April's Real Blog

Monday, August 22, 2005

Farm Life

Sometimes when I look at my cousin Laura really fast, I think she's Liz. Laura's got some curl to her hair, but it's not that noticeable when she pulls it in2 a ponytail. NEway, she told me I've turned out 2 B a real "farm girl", which cd sound like an insult depending on how U say it, but the way she said it was meant 2 B nice. I am having fun here this summer, but the horses & other animals R just a small part of it. A BIG part of it is hanging out over @ Steve's farm. Besides learning 2 make cheese & yoghurt, I've had a chance 2 play some cube vid games & watch season 5 of The Trailer Park Boys. My mom never lets me watch that show cuz she said those characters set a bad example. Like I'm gonna imitate them just cuz they're on my TV screen. I just saw the one where Ricky eats all his dad's ravioli & blames it on Julian, so Ricky's dad beats on him & poor Julian doesn't know what's going on till Ricky admits his lie. I love that show!

BTW, I'm sorry this post is late, but I wanted to make a nice avatar for Becky, who's feeling bad about her family sitch, and I couldn't get the hair right. They just don't have her 'do, so I made two images. One kind of looks like her hair when she blowdries it straight, and the other is a style she was kinda thinking about getting, but wasn't 2 sure. Also, these pics don't exactly look like Becks, but I tried 2 make it as close as I could. Keep in mind that Becks is way prettier than these:


That's all 4 now!

Apes

26 Comments:

  • At 9:05 AM, Anonymous AnthDad2FranMilboro said…

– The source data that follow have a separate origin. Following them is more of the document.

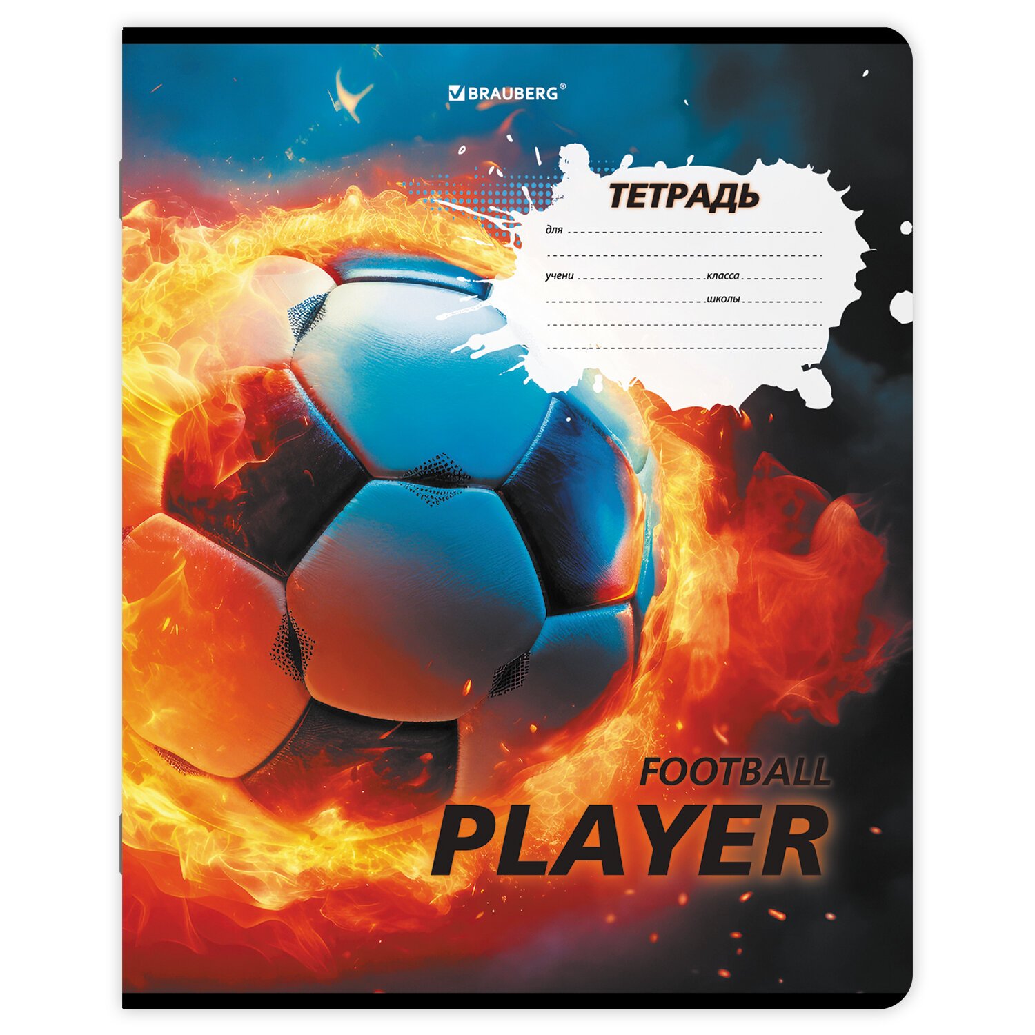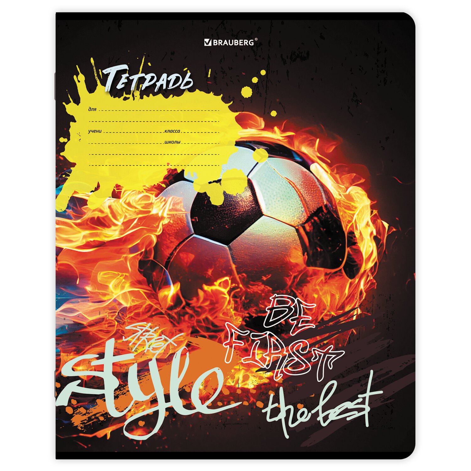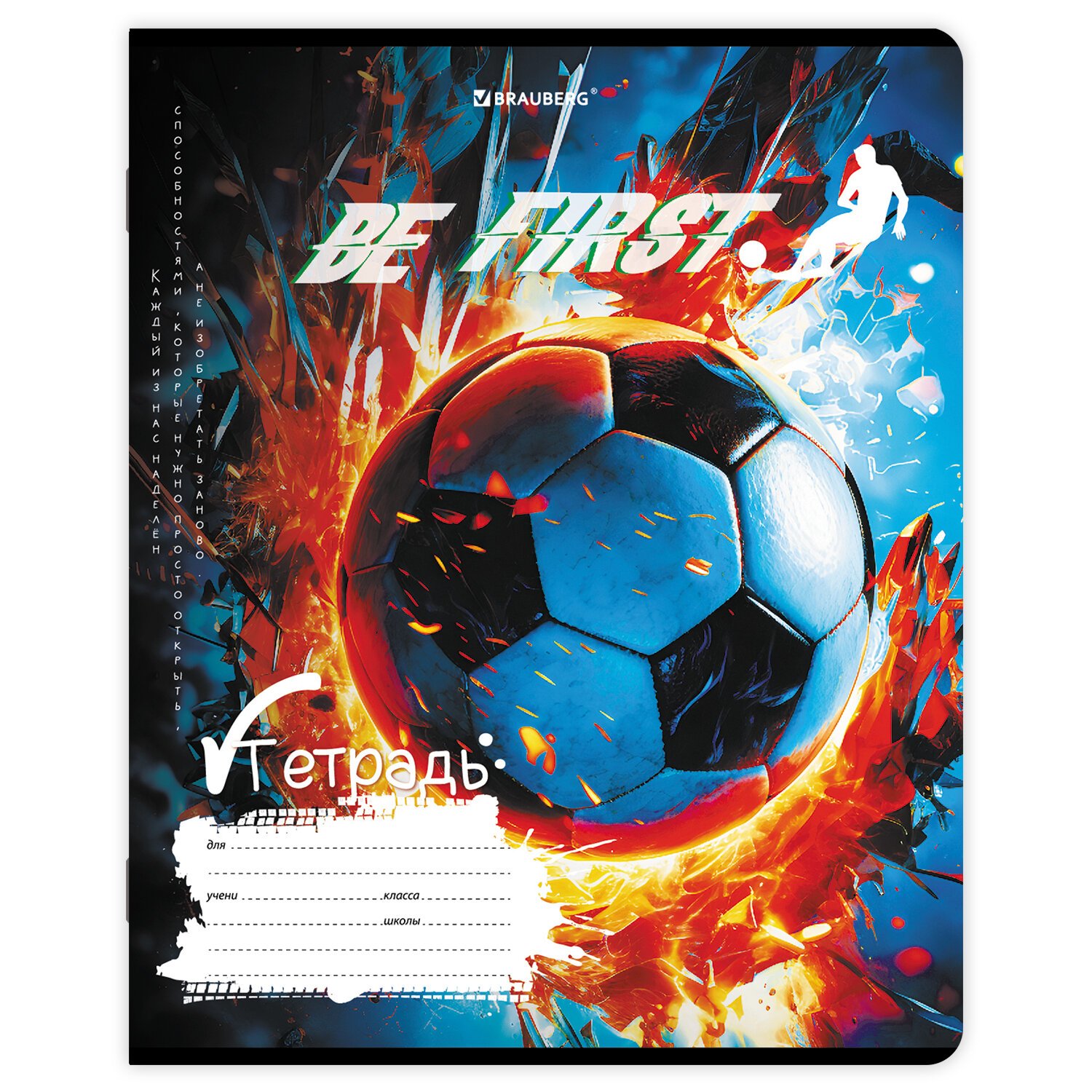 Тетрадь 12 л. BRAUBERG косая линия, обложка картон, ФУТБОЛ, 107290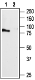 Western blot analysis of rat brain membranes:1. Anti-P2Y4 Receptor Antibody (#APR-006), (1:300).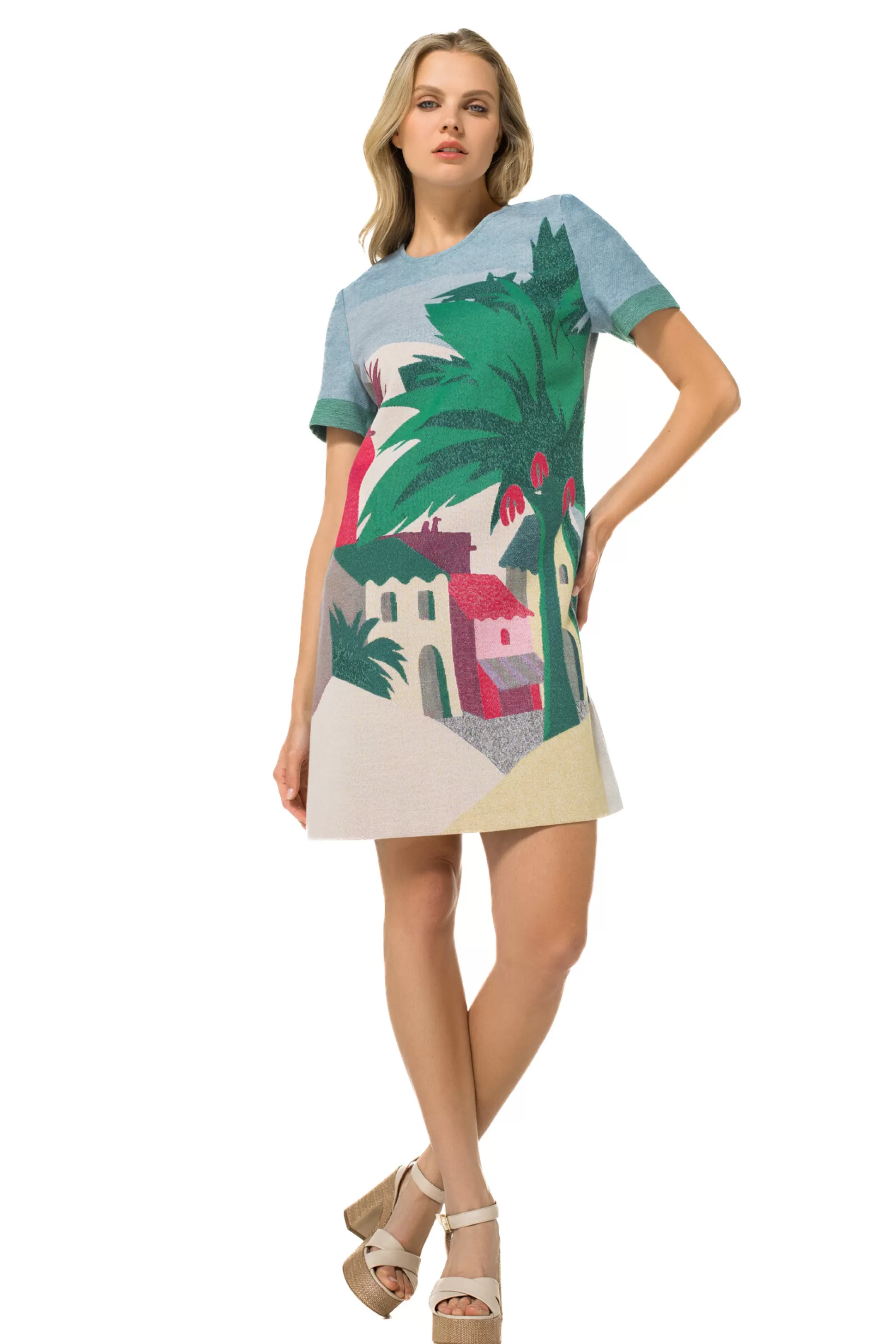 Robe Droite En Coton Avec Imprimé Allover &Nbsp;Non Doublé Fermeture Éclair Dissimulée Au Milieu Du Dos Poches Laté…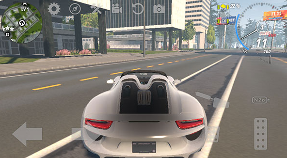 2.进入到游戏左边控制方向,右边控制油门和刹车,在开放世界游戏中玩家可以自由体验驾驶跑车带来的快感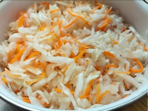 2. Мелко нарежьте капусту и нарежьте морковь на средней терке. Овощи перемешайте и поместите в чистую кастрюлю.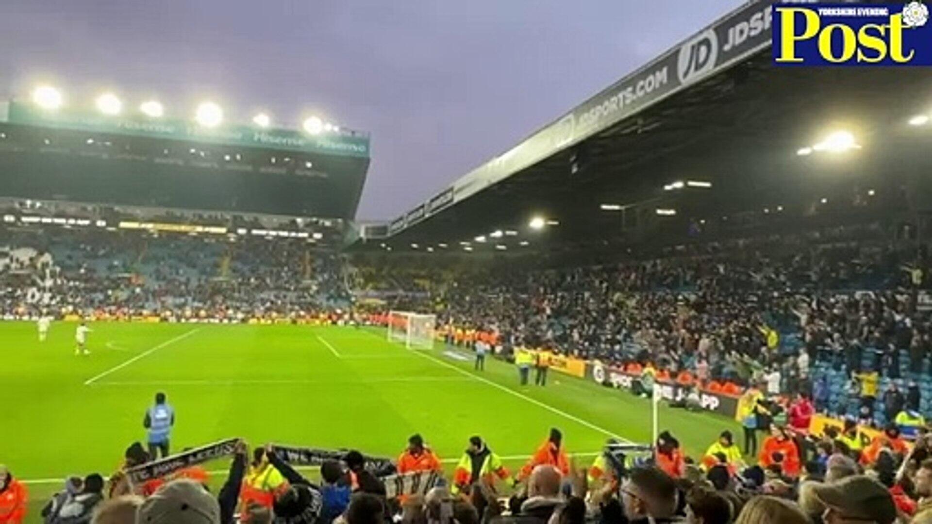 Leeds celebrate yet another win at Elland Road with three cheers from Daniel Farke in front of the Norman Hunter Stand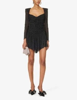 ROTATE Birger Christensen Crystal-embellished Brand-charm Recycled-stretch Polyester Mini Dress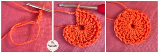 Varv 1: Virka 18 dst runt den magiska ringen (den första dst = 4 lm) och avsluta med en sm i den 4:e lm på din första dst.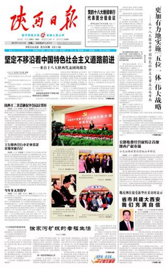 陜西日報 2012年11月13日 頭版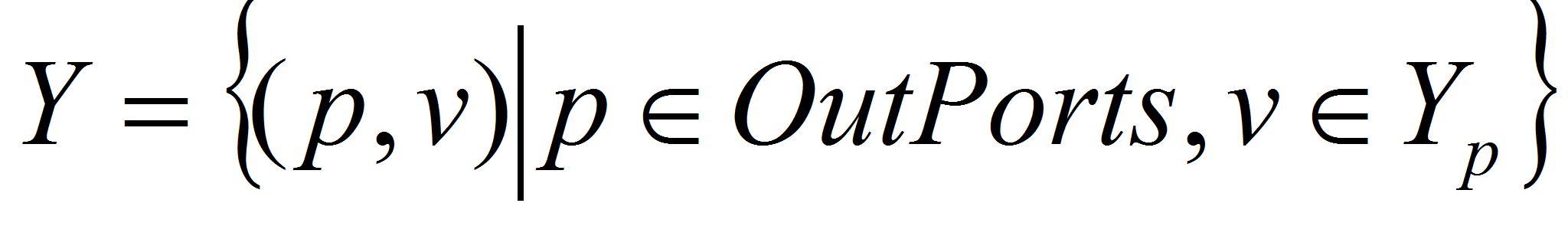 et of outputs. It is a set of pairs consisting of an output port and a value. OutPorts is the set of possible output ports and Yp is the set of possible values for p output port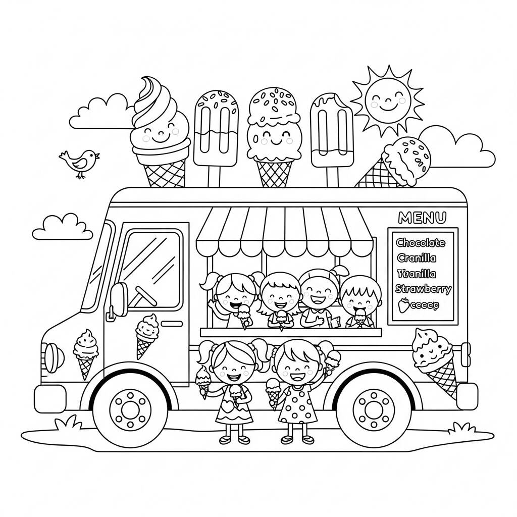 Es war ein sonniger Tag und Mr. Frozens Eiswagen stand im Park und lockte Kinder aus allen Ecken an. Die Kinder bildeten eine lebhafte Reihe und wollten unbedingt aus farbenfrohen und köstlichen Geschmacksrichtungen wie Erdbeere, Schokolade und sogar einem geheimnisvollen Regenbogengeschmack wählen. Mr. Ice Cream mit seinem lustigen Hut und seinem breiten Lächeln servierte das Eis meisterhaft, während Gelächter und Freudenschreie die Luft erfüllten. Jedes Kind ging mit einem Eis in der Hand und einem Augenzwinkern weg und versprach, wiederzukommen, sobald der Zauberwagen auftauchte. So wurde der Tag zu einem Fest der Aromen und des Lächelns, das jeden dazu veranlasste, für weitere kalte Abenteuer zurückzukommen.

    Only have a mo to send a love-out to my hummie Elizabeth (still working on my net lingo w/ U Kedz). Been away from your blog for a while, indeed, been away from everything as I’ve been laid up in the hospital.

    So here’s the story:

    I guess it wasn’t such a good idea to park in the high school kids makeout lot and wander off and sit beneath a tree that day Howard “went after” you to talk over my problems. Turns out something like a thousand people saw us and most of them knew Thérèse. I never knew she was so popular, but I guess a lot of the Milborough moms secretly support her careering. So after dropping you off (sorry about the feel-up in the car, now that I’ve had time to think about it I realize is was kinda thoughtless, but I was really in the mood after noogieing the living crap outta Howard and seeing you with your hair down) I headed home.

    Then headed back to my mom’s because I forgot the kid. Damn, always doing that.

    So I headed home again and who was waiting for me but Thérèse and the Vampire-in-Law. They were sitting in the kitchen. The table was covered with crumpled Kleenex, empty wine bottles, and cigarette buts. “What did you do today, mon mari?” Four beady French eyes stared at me while I tried to explain that I spent the day at the library.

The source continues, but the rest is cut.